:: Data to examine ::
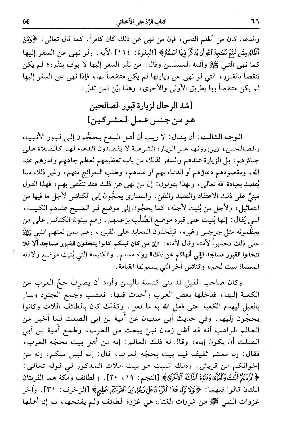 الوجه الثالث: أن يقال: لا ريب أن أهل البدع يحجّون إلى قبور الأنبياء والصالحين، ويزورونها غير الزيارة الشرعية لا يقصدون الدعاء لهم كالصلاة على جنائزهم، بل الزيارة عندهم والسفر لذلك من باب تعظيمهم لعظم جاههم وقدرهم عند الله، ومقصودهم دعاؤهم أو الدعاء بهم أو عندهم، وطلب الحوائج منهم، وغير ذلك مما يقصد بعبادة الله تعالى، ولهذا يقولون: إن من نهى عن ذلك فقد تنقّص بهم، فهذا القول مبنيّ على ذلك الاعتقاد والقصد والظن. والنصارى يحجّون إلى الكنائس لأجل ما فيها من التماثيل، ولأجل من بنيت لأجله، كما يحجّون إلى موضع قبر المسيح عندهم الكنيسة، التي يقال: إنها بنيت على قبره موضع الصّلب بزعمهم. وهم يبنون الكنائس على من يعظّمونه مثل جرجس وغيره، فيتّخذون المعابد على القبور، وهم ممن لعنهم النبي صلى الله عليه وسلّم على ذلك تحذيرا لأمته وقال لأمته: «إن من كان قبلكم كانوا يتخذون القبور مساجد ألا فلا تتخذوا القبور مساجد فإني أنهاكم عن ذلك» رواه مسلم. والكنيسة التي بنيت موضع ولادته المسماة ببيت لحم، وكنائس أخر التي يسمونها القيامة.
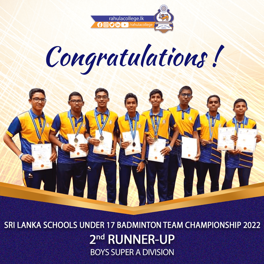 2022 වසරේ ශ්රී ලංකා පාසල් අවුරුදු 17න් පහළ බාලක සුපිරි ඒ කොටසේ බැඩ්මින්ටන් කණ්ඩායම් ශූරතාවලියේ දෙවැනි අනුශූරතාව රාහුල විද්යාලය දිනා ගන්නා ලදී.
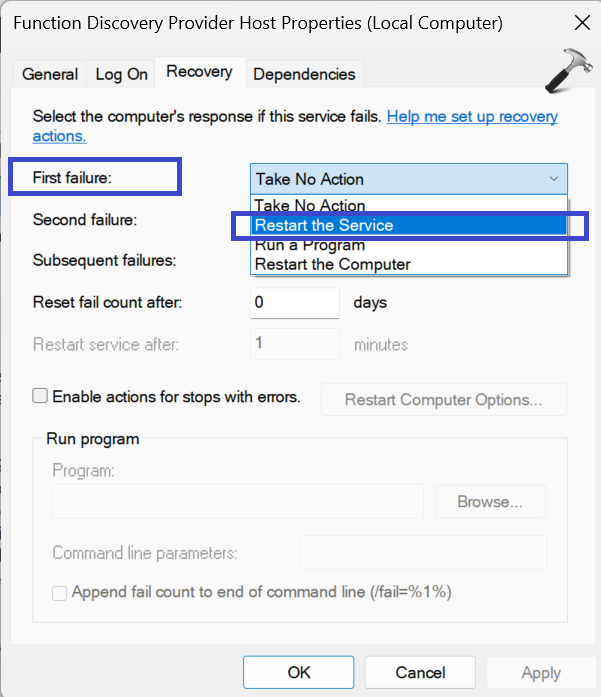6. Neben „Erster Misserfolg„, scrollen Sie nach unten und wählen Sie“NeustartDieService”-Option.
:::
:: Data to examine ::
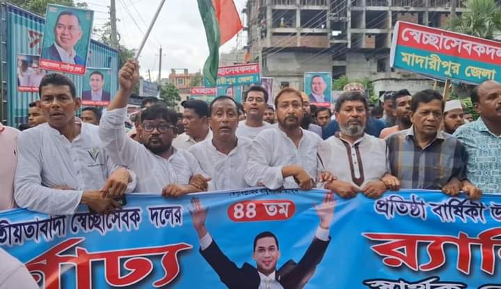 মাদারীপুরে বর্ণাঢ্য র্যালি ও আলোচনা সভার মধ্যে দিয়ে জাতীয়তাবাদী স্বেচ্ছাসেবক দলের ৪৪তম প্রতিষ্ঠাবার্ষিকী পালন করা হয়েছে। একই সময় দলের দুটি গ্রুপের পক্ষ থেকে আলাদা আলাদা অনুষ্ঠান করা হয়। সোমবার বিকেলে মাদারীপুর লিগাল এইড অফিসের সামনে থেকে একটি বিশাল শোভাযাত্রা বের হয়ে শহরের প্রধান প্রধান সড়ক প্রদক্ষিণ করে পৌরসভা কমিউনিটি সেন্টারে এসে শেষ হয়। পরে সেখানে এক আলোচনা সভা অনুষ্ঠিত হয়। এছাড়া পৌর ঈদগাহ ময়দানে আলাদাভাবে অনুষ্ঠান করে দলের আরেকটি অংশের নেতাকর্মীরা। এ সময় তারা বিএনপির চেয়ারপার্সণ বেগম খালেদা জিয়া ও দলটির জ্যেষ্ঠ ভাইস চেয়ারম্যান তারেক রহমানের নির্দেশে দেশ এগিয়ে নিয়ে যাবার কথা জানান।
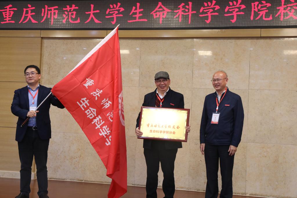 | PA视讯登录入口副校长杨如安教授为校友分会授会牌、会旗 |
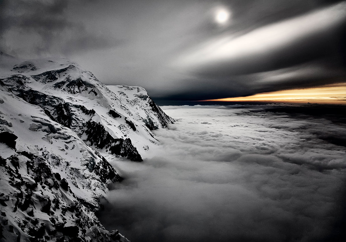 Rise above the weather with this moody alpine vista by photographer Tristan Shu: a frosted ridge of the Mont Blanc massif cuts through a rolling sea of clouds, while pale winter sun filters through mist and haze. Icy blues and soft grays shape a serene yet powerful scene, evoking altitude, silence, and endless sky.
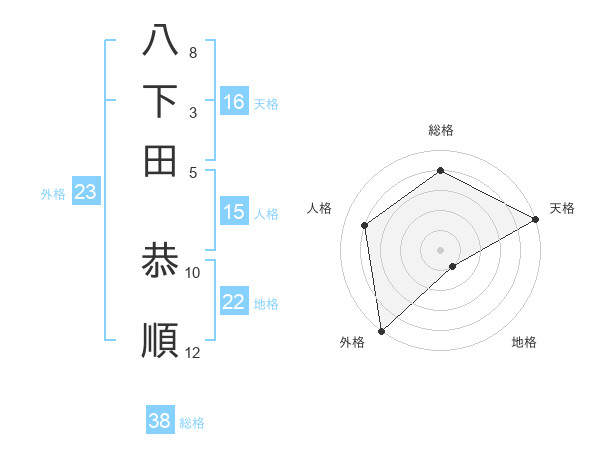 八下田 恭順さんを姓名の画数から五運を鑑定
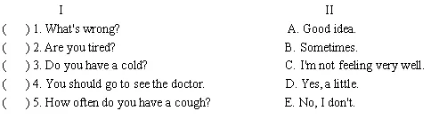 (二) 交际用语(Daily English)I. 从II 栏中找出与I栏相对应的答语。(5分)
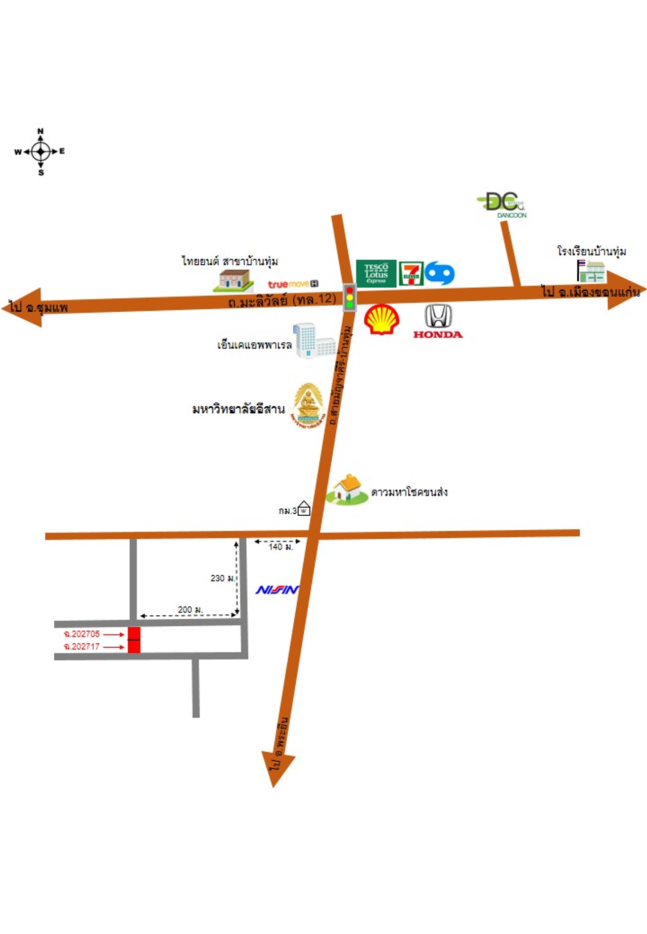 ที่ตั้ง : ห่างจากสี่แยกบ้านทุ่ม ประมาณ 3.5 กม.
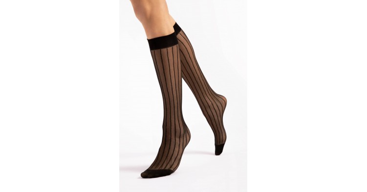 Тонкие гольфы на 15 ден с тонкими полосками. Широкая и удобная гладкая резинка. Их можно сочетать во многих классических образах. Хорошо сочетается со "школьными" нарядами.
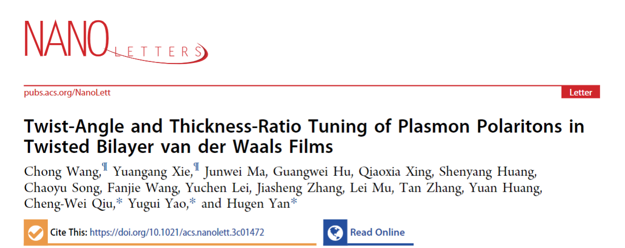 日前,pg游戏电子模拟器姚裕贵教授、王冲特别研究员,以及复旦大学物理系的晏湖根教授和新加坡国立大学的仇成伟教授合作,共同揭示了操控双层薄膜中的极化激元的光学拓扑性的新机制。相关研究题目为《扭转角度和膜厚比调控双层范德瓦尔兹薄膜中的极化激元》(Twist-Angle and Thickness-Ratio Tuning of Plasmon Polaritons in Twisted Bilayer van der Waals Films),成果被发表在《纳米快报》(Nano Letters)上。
:::
:: Data to examine ::
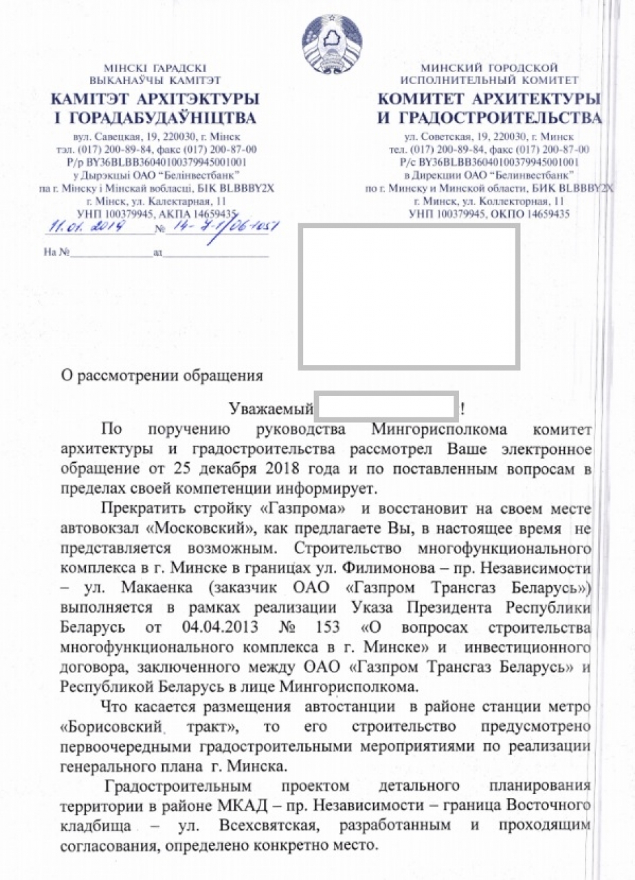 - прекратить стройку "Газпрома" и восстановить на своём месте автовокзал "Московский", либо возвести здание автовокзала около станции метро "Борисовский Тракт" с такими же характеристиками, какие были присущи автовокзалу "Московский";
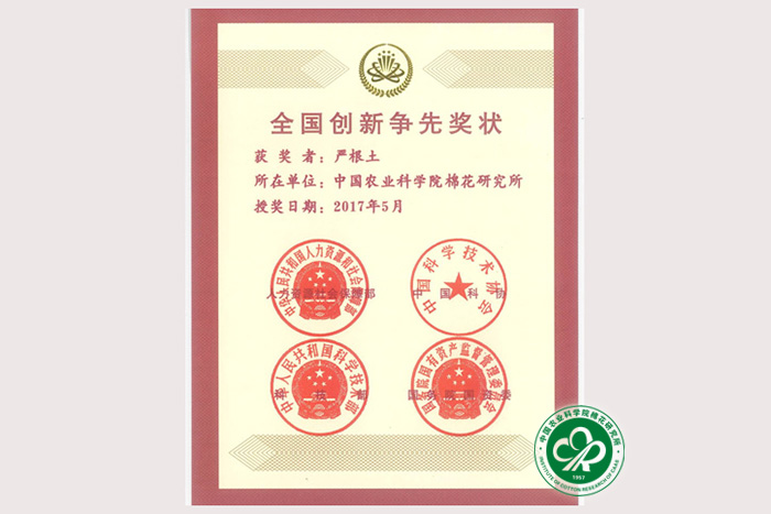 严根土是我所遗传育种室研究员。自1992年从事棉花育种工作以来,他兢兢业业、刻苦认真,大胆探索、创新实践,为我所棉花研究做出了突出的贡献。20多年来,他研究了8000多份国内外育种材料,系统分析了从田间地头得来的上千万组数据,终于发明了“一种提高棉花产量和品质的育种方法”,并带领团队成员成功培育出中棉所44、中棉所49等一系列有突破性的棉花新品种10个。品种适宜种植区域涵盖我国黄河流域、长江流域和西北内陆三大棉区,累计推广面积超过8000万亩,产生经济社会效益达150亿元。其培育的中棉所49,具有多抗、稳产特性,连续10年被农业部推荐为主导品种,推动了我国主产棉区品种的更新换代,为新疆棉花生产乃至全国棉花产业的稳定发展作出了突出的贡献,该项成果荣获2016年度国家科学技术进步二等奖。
:::
## [Task goal]
Give back exactly the lines above that run from the one with "八下田 恭順さんを姓名の画数から五運を鑑定" to the one with "Waals Films),成果被发表在《纳米快报》(Nano Letters)上。", including both, with the pictures left out.

## [Result for this task]
 八下田 恭順さんを姓名の画数から五運を鑑定
 (二) 交际用语(Daily English)I. 从II 栏中找出与I栏相对应的答语。(5分)
 ที่ตั้ง : ห่างจากสี่แยกบ้านทุ่ม ประมาณ 3.5 กม.
 Тонкие гольфы на 15 ден с тонкими полосками. Широкая и удобная гладкая резинка. Их можно сочетать во многих классических образах. Хорошо сочетается со "школьными" нарядами.
 日前,pg游戏电子模拟器姚裕贵教授、王冲特别研究员,以及复旦大学物理系的晏湖根教授和新加坡国立大学的仇成伟教授合作,共同揭示了操控双层薄膜中的极化激元的光学拓扑性的新机制。相关研究题目为《扭转角度和膜厚比调控双层范德瓦尔兹薄膜中的极化激元》(Twist-Angle and Thickness-Ratio Tuning of Plasmon Polaritons in Twisted Bilayer van der Waals Films),成果被发表在《纳米快报》(Nano Letters)上。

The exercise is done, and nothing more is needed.